Continuous batching is a GPU scheduling technique where the server adjusts which requests are in the active batch after every single token generation step. When a request finishes, it is immediately removed and a waiting request takes its slot — so the GPU is always processing a full, useful batch instead of waiting for a slow request to drag the whole group to a halt.
How much faster does continuous batching make LLM serving?
In the Orca research paper, iteration-level scheduling showed up to 36.9x higher throughput versus naive static-batching systems. Anyscale's widely-cited 2023 benchmark showed vLLM achieving 23x the throughput of a basic HuggingFace serving setup. In practice, 4–8x throughput improvements over simple static batching under real concurrent traffic are common, and GPU utilization typically climbs from 30–40% to 80%+.

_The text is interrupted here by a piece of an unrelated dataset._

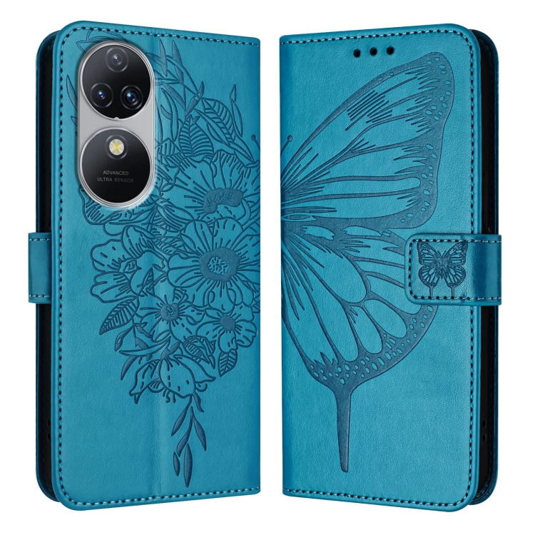 Funda de Cuero para Oukitel C38 con Mariposa en Relieve (Azul)

What is the difference between continuous batching and static batching?
Static batching collects a fixed group of requests and runs them all together until every single one finishes — short requests sit idle waiting for long ones. Continuous batching evicts finished requests and admits new ones after every token step, keeping the batch continuously full. Continuous batching has lower average latency, higher throughput, and far better GPU utilization under variable-length requests.
Does continuous batching affect the quality of the model output?
No. Continuous batching is purely a scheduling change — it only controls which requests are in the active batch at each step. The model's actual computation for each token is identical to running the request in isolation. Output quality, determinism (for a fixed seed), and token probabilities are unaffected.
What is the relationship between continuous batching and PagedAttention?
They solve different problems but work together. Continuous batching is the scheduler that keeps the GPU's compute units busy by quickly cycling requests through the batch. PagedAttention is the memory manager that gives the scheduler room to admit more requests by reducing KV-cache memory waste from 60–80% down to under 4%. You need both to get the full throughput benefit — good scheduling without good memory management hits a ceiling quickly.
Is continuous batching the same as in-flight batching?
Yes, they are the same technique under different names. NVIDIA and TensorRT-LLM documentation call it in-flight batching. The original Orca paper called it iteration-level scheduling. Hugging Face and vLLM call it continuous batching. All describe the same core idea: adjusting the active batch at every token generation step rather than waiting for a fixed batch to drain completely.